Torrone (literally translated as “big tower”) is a sweet nougat or confection and is usually comprised of honey, vanilla (at times orange), sugar, egg white, and toasted almonds or other nuts. Torrone is made throughout Europe, but the regions of Cremona (in northern Italy) and Bagnara Calabra in Calabria are well known for the product, especially hard torrone. The candies Toblerone and Mars are based on torrone. My personal favorite is the torrone di Sicilia morbido (or soft torrone from Sicily).
Torrone is especially nice during the Christmas holiday, here’s a recipe for soft torrone or torrone morbido
- Prepare a simple syrup using the water and sugar. Next, melt the honey and bring it to 120° C. Thereafter, place the egg whites in your stand mixer bowl (make sure your bowl is warm) and whip at a moderate speed. Next, begin to slowly add the simple syrup, followed by the honey, and finally the nuts (which you’ll want to crush before adding).

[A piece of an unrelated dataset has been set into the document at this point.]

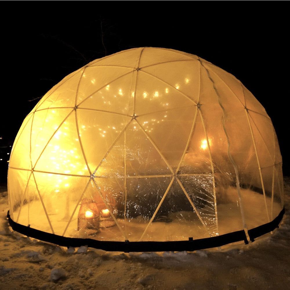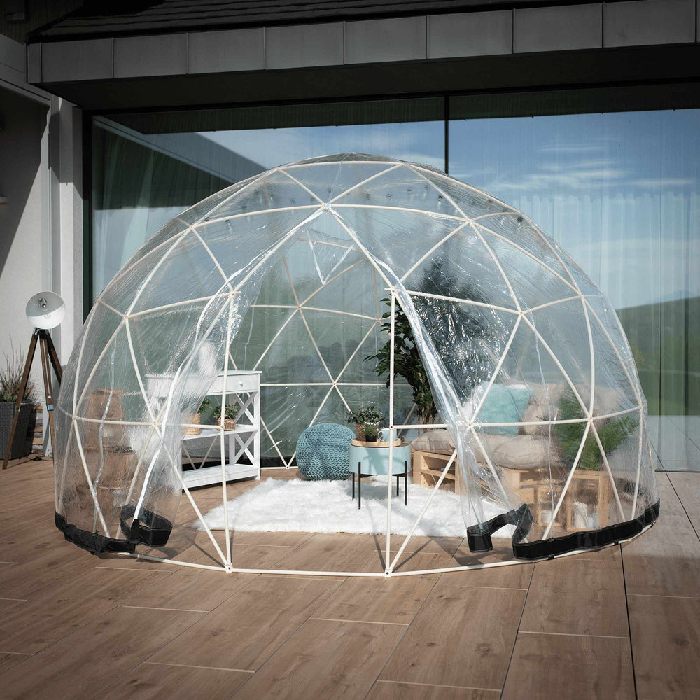 Igloo-ul este realizat din material PVC si ABS 100% reciclabil, puternic si durabil. Forma cupolei permite ca lumina soarelui sa fie transmisa in toate unghiurile, iar caldura este uniform distribuita in interior, in raport cu vremea.

- Whip for approximately 5 minutes. Replace the whisk in your stand mixer with the dough needle and smooth the the mixture for two to four minutes.
- Remove the mixture from the stand mixer and spread it out on a baking sheet, flattening it out and using a rolling pin to get to the desired thickness.(a little over an inch). Cut the torrone into desired bars. Torrone stores very well and makes great Christmas gifts. As with any Italian recipe, use the best ingredients to make torrone and you’ll have a dessert that is beyond it’s ingredients in terms of flavor and experience.
- Honey, 2.5 cups
- Water, 1.2 cups
- Sugar, 4.2 cups
- Egg whites, .6 cups
- Hazel nuts, shelled 1200 gr
- Pistachios, shelled 300 gr
Note: recipe adapted from ITchefsGVCI recipe and some measurements in grams.